Problem: It should output all peaks found in any samples. However, only peaks found in more than two samples were output in file 'res.all_qvalue.txt' although I set 'minOverlap=1'

tamoxifen_consensus <- dba.peakset(tamoxifen, consensus=DBA_CONDITION, minOverlap=2)
tamoxifen <- dba.count(tamoxifen, peaks=consensus_peaks, bParallel=TRUE,summits=0)

tamoxifen_count1 <- dba.peakset(tamoxifen, bRetrieve=TRUE, DataType=DBA_DATA_FRAME)
write.table(tamoxifen_count1, file="res.consensus_count1.txt", quote=F, sep="\t", row.names=F, col.names=T)

Question: If I understand correctly, it should output the TMM normalized read number and using the full library sizes. Do you agree with me?

#Raw read count
tamoxifen_raw <- dba.count(tamoxifen, peaks=NULL, score=DBA_SCORE_READS)
tamoxifen_counts <- dba.peakset(tamoxifen_raw, minOverlap=1, bRetrieve=TRUE, DataType=DBA_DATA_FRAME)
write.table(tamoxifen_counts, file="res.consensus_raw_count.txt", quote=F, sep="\t", row.names=F, col.names=T)

#RPKM, producing from normalizing raw read count with sequencing depth and gene length
tamoxifen_rpkm <- dba.count(tamoxifen, peaks=NULL, score=DBA_SCORE_RPKM)
tamoxifen_rpkm_counts <- dba.peakset(tamoxifen_rpkm, minOverlap=1, bRetrieve=TRUE, DataType=DBA_DATA_FRAME)
write.table(tamoxifen_rpkm_counts, file="res.consensus_rpkm.txt", quote=F, sep="\t", row.names=F, col.names=T)

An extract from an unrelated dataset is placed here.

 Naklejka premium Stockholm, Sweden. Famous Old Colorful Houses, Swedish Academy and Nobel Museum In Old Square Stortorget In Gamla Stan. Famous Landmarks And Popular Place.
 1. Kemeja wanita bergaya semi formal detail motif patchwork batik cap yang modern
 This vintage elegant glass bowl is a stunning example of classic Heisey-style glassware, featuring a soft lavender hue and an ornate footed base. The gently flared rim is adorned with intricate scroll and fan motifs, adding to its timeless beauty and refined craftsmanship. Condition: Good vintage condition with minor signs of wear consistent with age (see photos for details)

tamoxifen <- dba.normalize(tamoxifen)

Question: It is defining the normalization method used in the following differential analysis, default by using full library size on the raw read count. And it is not the same count as that in res.consensus_count1.txt, right? If so, I couldn't obtain the normalized count using for differential analysis. Do you agree with me?

tamoxifen <- dba.contrast(tamoxifen, design="~Condition + Factor",minMembers=2)
tamoxifen <- dba.contrast(tamoxifen,categories=c(DBA_CONDITION), block=DBA_FACTOR,minMembers=2)

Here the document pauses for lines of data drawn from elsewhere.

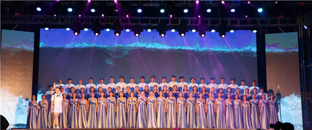 海之声合唱团《大海啊故乡》的大合唱,不同声部的和声仿佛海浪轻柔涌动,让观众感受到大海的温柔和浪漫。合唱《年轻的朋友来相会》表达了对新生的欢迎,调动起现场观众的情绪。
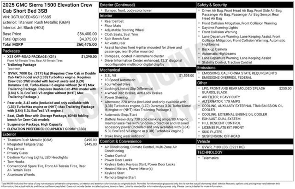 Take your drives to the next level with this GMC Sierra 1500 from Salt Lake Valley Buick GMC! Engineered for a smooth ride, advanced convenience, and lasting dependability, this vehicle is ready to handle everything your day throws at you. Plus, enjoy a $1,000 finance savings, already included in the sale price, when you finance through one of our trusted lending partners. Looking for quality used cars in Salt Lake City? This GMC Sierra 1500 delivers style, versatility, and value - perfect for daily commutes, family trips, or weekend adventures. Stop by Salt Lake Valley Buick GMC to see this vehicle in person and explore our wide selection of pre-owned cars, trucks, and SUVs. Browse online at www.slvbuickgmc.com or call 801-265-1511 to schedule your test drive today! With Cloth Rear Seat w/Storage Package, High Capacity Suspension Package, Preferred Equipment Group 3SB (120-Volt Bed Mounted Power Outlet, 120-Volt Interior Power Outlet, 2 Charge/Data USB Ports, 2 Type-C Charge-Only Rear USB Ports, 6-Speaker Audio System Feature, Auto-Locking Rear Differential, Body Color Header w/Gloss Black Mesh Grille Bars, Color-Keyed Carpeting Floor Covering, Deep-Tinted Glass, Electric Rear-Window Defogger, Front Frame-Mounted Black Recovery Hooks, Front Rubberized-Vinyl Floor Mats, HD Rear Vision Camera, Integrated Trailer Brake Controller, Keyless Open & Start, LED Cargo Area Lighting, Manual Tilt-Wheel & Telescoping Steering Column, OnStar Services Capable, Power Door Locks, Power Front Windows w/Driver Express Up/Down, Power Front Windows w/Passenger Express Down, Power Rear Windows w/Express Down, Push Button Start, Rear Rubberized-Vinyl Floor Mats, Remote Vehicle Starter System, SiriusXM w/360L Trial Subscription, Steering Wheel Audio Controls, Theft Deterrent System (Unauthorized Entry), and Wi-Fi Hotspot Capable), Trailering Package (Hitch Guidance), X31 Off-Road Package (Dual Exhaust System, Heavy-Duty Air Filter, Hill Descent Control, Off-Road Suspension, Rear Wheelhouse Liners, and X31 Hard Badge), 10-Way Power Driver Seat Adjuster w/Lumbar, 170 Amp Alternator, 220 Amp Alternator, 4-Way Manual Passenger Seat Adjuster, 4-Wheel Disc Brakes, 6 Speakers, ABS brakes, Air Conditioning, Alloy wheels, AM/FM radio: SiriusXM with 360L, Apple CarPlay/Android Auto, Auto High-beam Headlights, Automatic Emergency Braking, Automatic temperature control, Auxiliary External Transmission Oil Cooler, Brake assist, Buckle to Drive, Bumpers: body-color, Cloth Seat Trim, Compass, Delay-off headlights, Driver door bin, Driver vanity mirror, Dual front impact airbags, Dual front side impact airbags, Electronic Stability Control, Emergency communication system: OnStar, External Engine Oil Cooling, Following Distance Indicator, Forward Collision Alert, Front & Rear Black Molded Splash Guards (LPO), Front 40/20/40 Split-Bench Seat, Front anti-roll bar, Front Center Armrest w/Storage, Front dual zone A/C, Front fog lights, Front License Plate Kit, Front Pedestrian Braking, Front reading lights, Front wheel independent suspension, Fully automatic headlights, Genuine wood dashboard insert, GMC MultiPro Tailgate, Heated door mirrors, Heated Driver & Front Outboard Passenger Seating, Heated front seats, Heated steering wheel, Illuminated entry, IntelliBeam Automatic High Beam On/Off, Lane Keep Assist w/Lane Departure Warning, Low tire pressure warning, Navigation System, Occupant sensing airbag, Outside temperature display, Overhead airbag, Overhead console, Panic alarm, Passenger door bin, Passenger vanity mirror, Power door mirrors, Power driver seat, Power steering, Power windows, Radio data system, Radio: Premium GMC Infotainment Audio System, Rear reading lights, Rear seat center armrest, Rear step bumper, Rear window defroster, Remote keyless entry, Security system, Speed control, Speed-sensing steering, Split folding rear seat, Steering wheel mounted audio controls, Tachometer, Telescoping steering wheel, Tilt steering wheel, Traction control, Trip comp
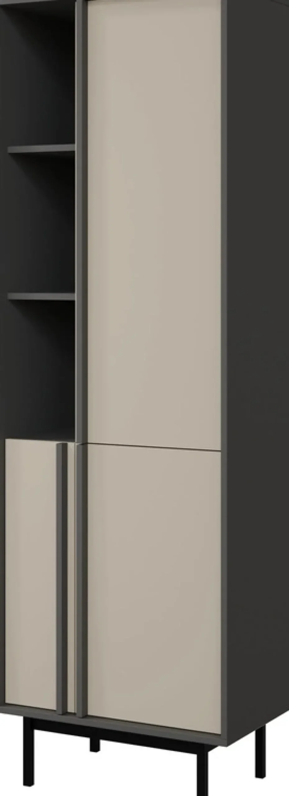 - Nowoczesny wysoki regał w eleganckim zestawieniu kolorystycznym antracytu i jasnego beżu. Wyposażony w praktyczne otwarte półki oraz pojemne szafki zamykane drzwiami, zapewnia dużo miejsca do przechowywania. Idealny do salonu, sypialni czy domowego biura.

Question: Two batch data were produced for some of the conditions and the batch information was stored in the 'Factor' column in csv file. I am wondering if I should specify the batch information in design or in block parameter.

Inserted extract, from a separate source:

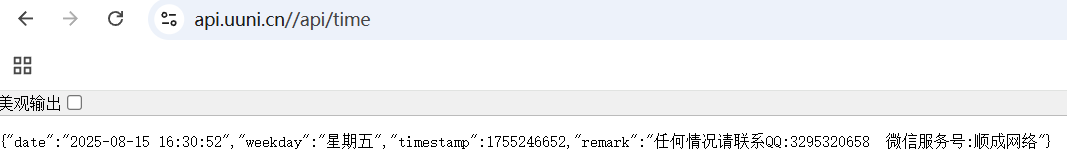 1 2 # {"date":"2080-08-15 16:30:52","weekday":"星期五","timestamp":1755246652,"remark":"任何情况请联系QQ:3295320658 微信服务号:顺成网络"} python3 -m http.server 29999
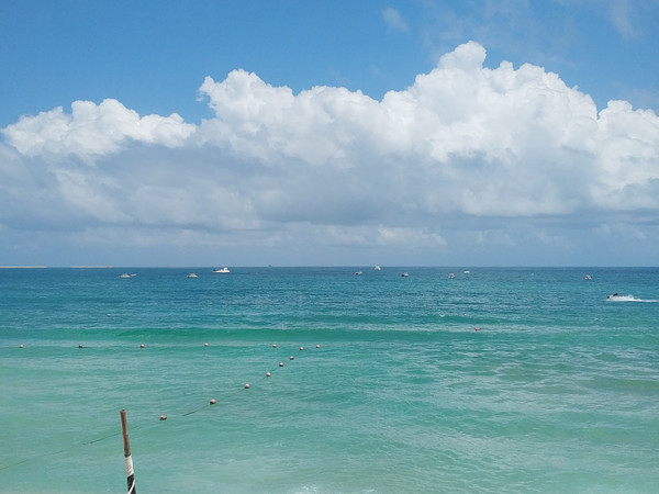 回房间站在阳台想远方眺望,蓝色的海面上白云在慢悠悠地飘荡,风景再美也到了告别的时候。

Thanks for your time and effort. Looking forward to hearing from you at your earliest convenience.

DiffBind • 1.1k views

ADD COMMENT • link updated 2.2 years ago by Rory Stark ★ 5.2k • written 2.4 years ago by littlefishes20 ▴ 10

score 0 · Answer 1 · 2023-01-10

Problem: It should output all peaks found in any samples. However, only peaks found in more than two samples were output in file res.all_qvalue.txt although I set minOverlap=1

In dba.peakset(), the minOverlap parameter is only used when it is used to add new a new sample, generating a new DBA object. In your case, where bRetrieve=TRUE, the parameter is ignored. You should instead specify minOverlap=1 in the previous call to dba().

Question: If I understand correctly, it should output the TMM normalized read number and using the full library sizes. Do you agree with me?

No, the default normalization uses full library sizes only, and does not perform a TMM calculation.

Question: It is defining the normalization method used in the following differential analysis, default by using full library size on the raw read count. And it is not the same count as that in res.consensus_count1.txt, right? If so, I couldn't obtain the normalized count using for differential analysis. Do you agree with me?

You are using the default normalization in both cases, so res.consensus_count1.txt reports normalized counts using the same calculations that will be applied to a subsequent analysis. So you do indeed have them. (You should be aware that the retrieved counts are not used explicitly in the analysis: only the normalisation factors are actually used, not the counts themselves.)

Question: Two batch data were produced for some of the conditions and the batch information was stored in the 'Factor' column in csv file. I am wondering if I should specify the batch information in design or in block parameter.

You should specify it in the design formula, and not used the block parameter at all. The block parameter is only there for backward compatibility with pre-DiffBind_3.x versions that did not allow for the design formula to be specified explicitly. So your first version is the correct one.